Vorige week heeft het maar twee keer geregend: de eerste keer drie dagen en
de tweede keer vier dagen. Die jas die je vroeg, oom Henk zei dat het te
zwaar zou zijn om over de post te sturen, dus we hebben de knopen maar
afgesneden en in de zakken gedaan.
Gisteren heeft Mark zijn sleutels in de auto opgesloten. We maakten ons
zorgen, want het duurde zeker twee uren om mij en je vader eruit te krijgen.
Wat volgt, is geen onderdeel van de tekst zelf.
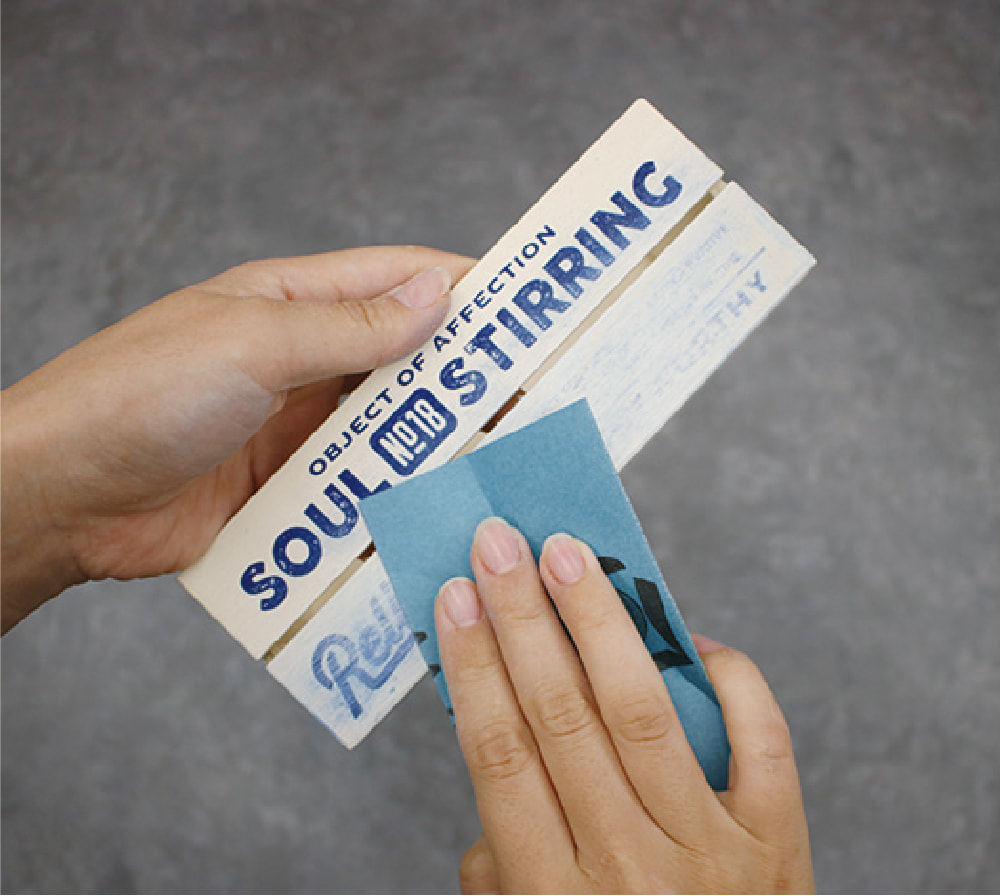 小物入れに印字されている文字を紙ヤスリで削ります。
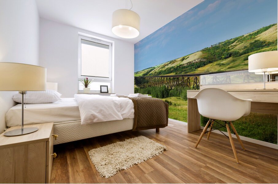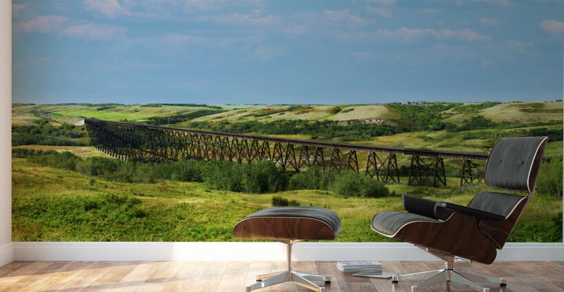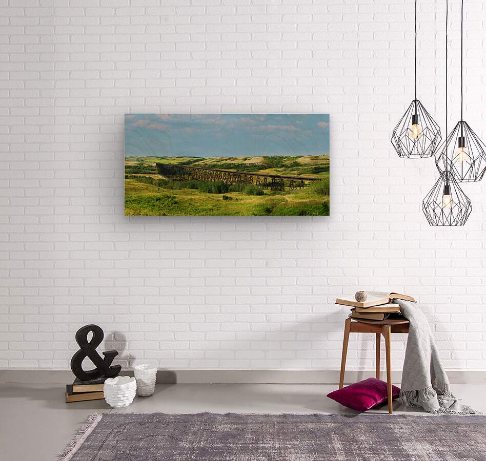 Rising Above: The Magnificent Fabyan Trestle in Albertas Breathtaking Landscape  Wood print

Je zus Anne is vanmorgen bevallen. We weten nog niet of het een jongen of meisje is, dus ik kan je nog niet zeggen of je oom of tante geworden bent.
De baby lijkt sprekend op je broer.
Oom Henk is vorige week in een vat whisky gevallen. Een paar kerels
probeerden hem eruit te trekken, maar hij heeft zich dapper verzet. We
lieten hem cremeren, en hij heeft zeker drie dagen lang gebrand.
Drie van je vrienden zijn zaterdag met de pickup van een brug af gereden.
Maarten zat aan het stuur. Hij deed het raam omlaag en kon zo zichzelf
redden. De twee anderen zaten achterin, en zijn dus verdronken want ze
konden het achterraampje niet openkrijgen.
Voor de rest is er geen nieuws. Er gebeurt hier niet zoveel hoor.
Liefs,
Ma
p.s.: Ik zou wat geld voor je sturen, maar ik had de enveloppe al
dichtgeplakt. Sorry.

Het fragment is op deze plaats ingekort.